PC is the clear winner here in terms of sheer volume, as there are thousands upon thousands of titles available on storefronts such as Steam, Origin, Battle.net and the Epic Games Store. The best PC games span decades, from classics like World of Warcraft and Quake to modern AAA hits such as Control, Grand Theft Auto V and Red Dead Redemption 2. And with Sony’s PlayStation Now service, you can even stream PlayStation titles such as Horizon Zero Dawn and Uncharted: The Lost Legacy to your PC.
The library of PS5 games is slowly taking shape, with third-person shooter Outriders, and melee-looter Godfall among the console’s first confirmed titles. The PS5 will also be backwards compatible with PS4 titles, so you’ll be able to play favorites such as Spider-Man, The Last of Us and God of War on Sony’s new console. But the real reason to invest in a PS5 is the promise of more exclusive Sony games. So if you’re looking forward to sequels in franchises such as Horizon and Uncharted, the PS5 will likely be your best bet.
PS5 vs. PC: Outlook
The PS5 isn’t out yet, and its price and specific features are still largely a mystery. But if you’re not willing to pay more than $500 for a gaming machine, or simply love Sony games like God of War, Spider-Man and Uncharted, the PS5 is probably for you.

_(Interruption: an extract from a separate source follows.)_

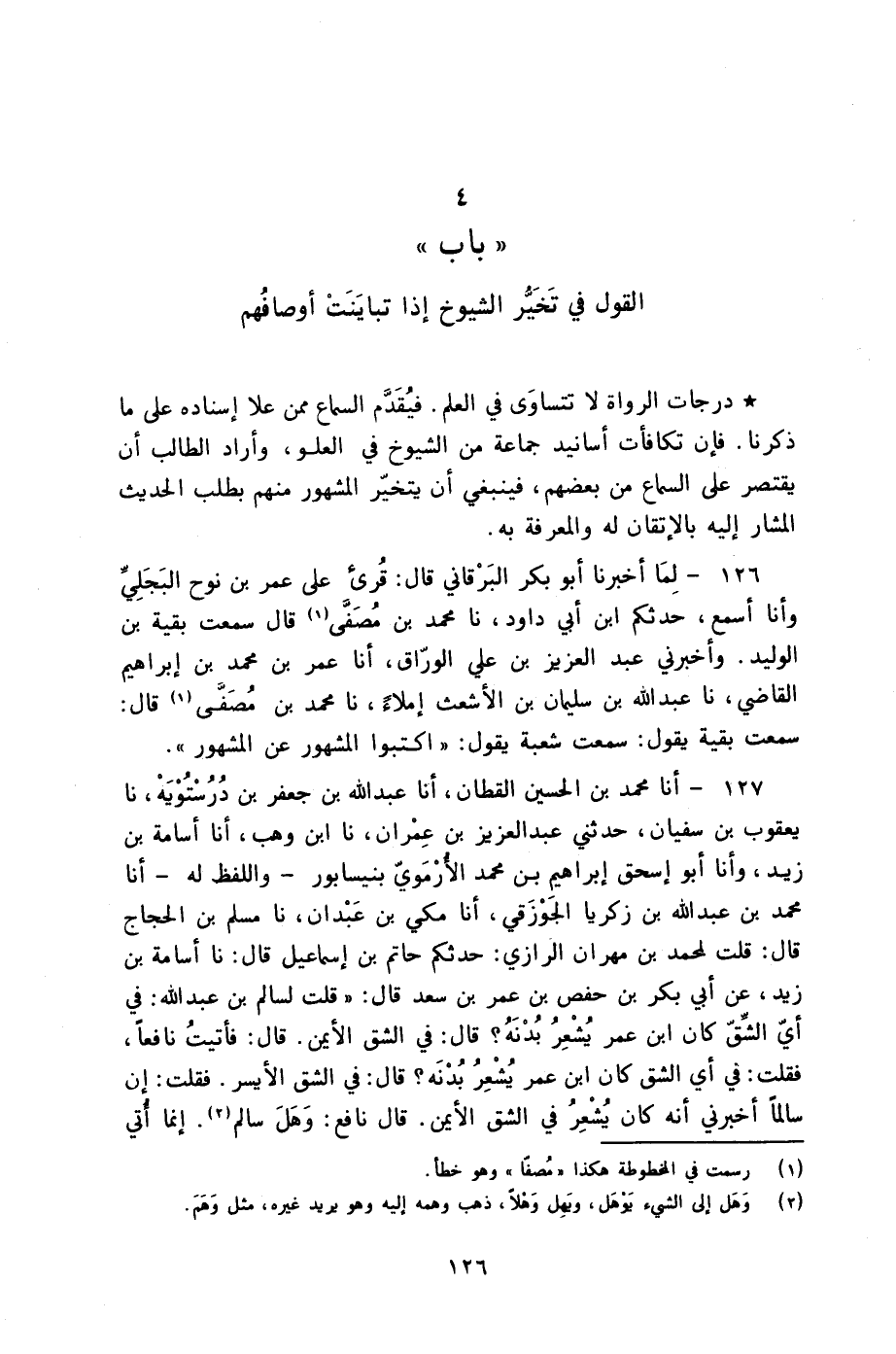126 - لِمَا أَخْبَرَنَا أَبُو بَكْرٍ الْبَرْقَانِيُّ، قَالَ: قُرِئَ عَلَى عُمَرَ بْنِ نُوحٍ الْبَجَلِيِّ وَأَنَا أَسْمَعُ، حَدَّثَكُمُ ابْنُ أَبِي دَاوُدَ، نا مُحَمَّدُ بْنُ مُصَفَّى، قَالَ: سَمِعْتُ بَقِيَّةَ بْنَ الْوَلِيدِ، وَأَخْبَرَنِي عَبْدُ الْعَزِيزِ بْنُ عَلِيٍّ الْوَرَّاقُ، أنا عُمَرُ بْنُ مُحَمَّدِ بْنِ إِبْرَاهِيمَ الْقَاضِي، نا عَبْدُ اللَّهِ بْنُ سُلَيْمَانَ بْنِ الْأَشْعَثِ، إِمْلَاءً، نا مُحَمَّدُ بْنُ مُصَفَّى، قَالَ: سَمِعْتُ بَقِيَّةَ، يَقُولُ: سَمِعْتُ شُعْبَةَ، يَقُولُ: §«اكْتُبُوا الْمَشْهُورَ عَنِ الْمَشْهُورِ»

But if you want a ton of choice, from the price and power of your machine to a near-endless library of games from all eras, a good gaming PC is the way to go. You can buy or build anything from a humble living room box to a beastly 4K ray tracing powerhouse, and can always upgrade your investment as better components come out. And thanks to PlayStation Now, you can even play select PlayStation titles on PC.
As with any decision between console and PC, deciding between PS5 and a gaming computer ultimately comes down to convenience and cost vs. flexibility and power. There’s no wrong choice — just the one that fits your gaming habits (and budget) best.